Following the release of his debut EP Billy Is Dead in the fall of 2022, Tearing Up, the project of musician and creative artist Graham Caldwell, returns with his debut LP, Heavy – out now.
The forthcoming record is not “easy listening” —
“I wanted this record to hurt,” Caldwell writes, and that motivation was largely inspired by a series of personal struggles that he experienced from late 2017 to early 2020, including the loss of his father. In those hard times, the people around him helped him push forward as the production of the record became a part of his grief process. “October of 2017 to January of 2020 basically felt like one very, very, long year. But even before that, the record was always going to be called Heavy,” he writes.
In addition to finding solace in human connection, Caldwell also found himself turning to music in less of a “this album saved my life”- sense but more so regarding the weight that music can carry: a recognition of the way music can heal, but also hurt. Heavy comes from his personal place of pain and loss and is his version of the hard but necessary truth-telling that comes from making art.
“Billy Bragg’s ‘Sexuality,’ Dixie Chicks ‘Wide Open Spaces,’ Andy Shauf’s ‘My Dear Helen,’ Cindy Lauper’s cover of Joni Mitchell’s ‘Carey’… Even writing this list makes me misty. At the real root of it, I think I just wanted to write music that could make someone cry. Just something that would make a person feel something, realize something, or remember something they thought they’d forgotten. I hope I’ve done that with this record.”
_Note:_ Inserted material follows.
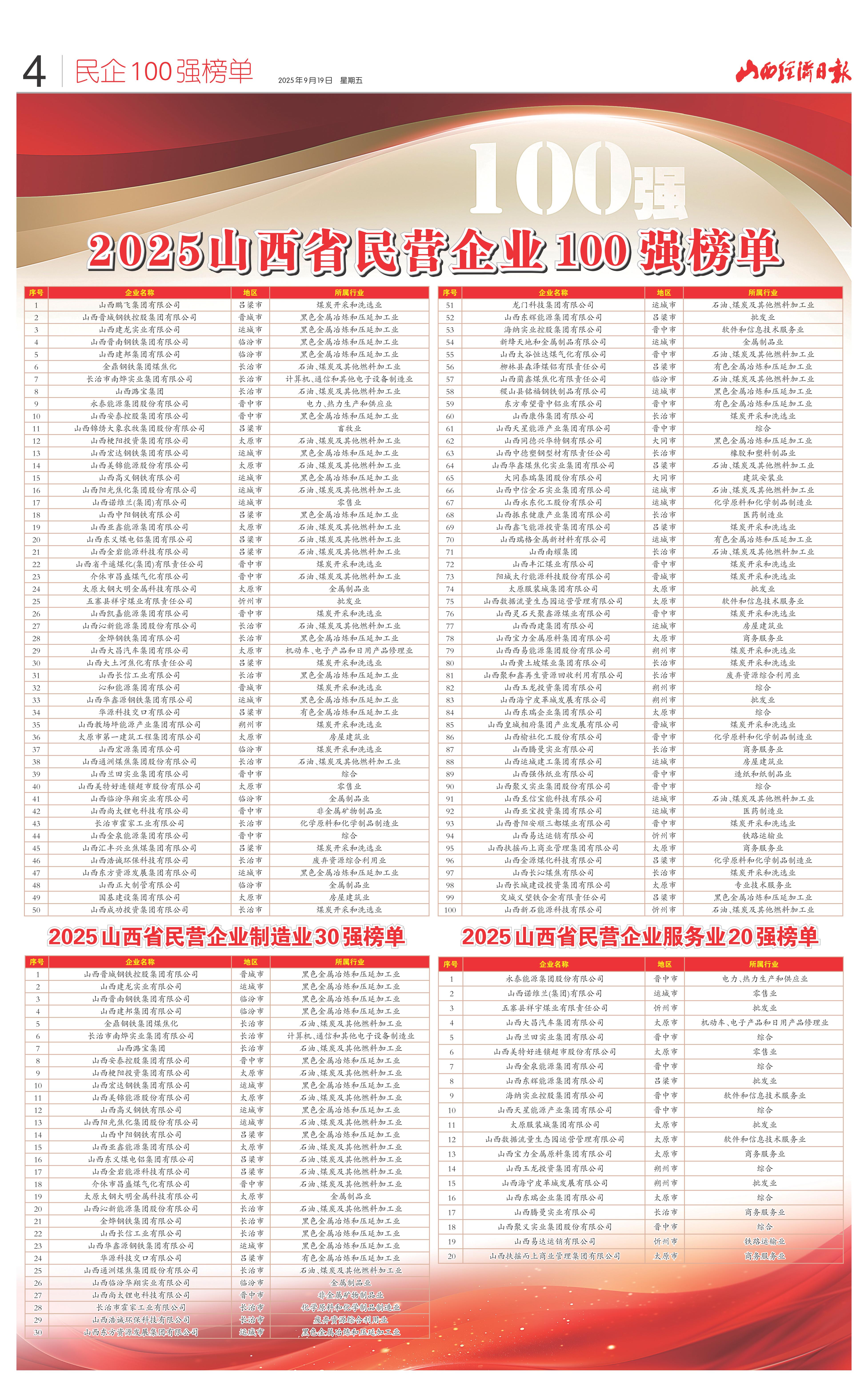 2025山西省民營企業(yè)服務業(yè)20強榜單

Graham has also shared the official video for Heavy’s “Said Something.”
On “Said Something,” specifically, he said,
“Losing someone is particularly strange because in life, we get used to things being temporary. We know we can never step in the same river twice, but this is assuming there will always be a river. When the river runs dry, it’s quite a shock, and given how often we were used to stepping in it, we find ourselves asking: where the fuck is my river?
Sometimes, these things happen because of an unknowable number of circumstances: Anyone who’s ever been in a car accident will know about having the thought of ‘if I had just left home 3 seconds later…’ or ‘if that woman driving had checked her blindspot…’ or ‘if that guy in the truck had pulled over sooner.’ Sometimes things happen and the reasons are too complicated for any one of them to the be sole reason for the thing that happened.
But then again, what if one of them was? What if one of them actually was and you could never actually know for sure? What if one of those things was something you did, unknowingly, absent-mindedly, that set off a chain of events that would ultimately end in tragedy? You will never know, but of course that means you’ll never be sure either.
Suicide is difficult because it blames both everyone and no one. The person who dies is both perpetrator and victim. It absolves everyone and yet also condemns them. You are both at fault and totally powerless at the same time, waving between the two feelings like a metronome. When I lost a young family member to suicide, many of us were completely dumbfounded as to why this person would choose to end their life. What made things worse was how they left no explanation, leaving us to try and piece together whatever their reasoning was, an endless circle with no real answers.
Time moves on and to some extent; our family’s been able to find some sense of closure. We accept how we’re powerless against the past and keep moving, for better or for worse, it’s all we can do.”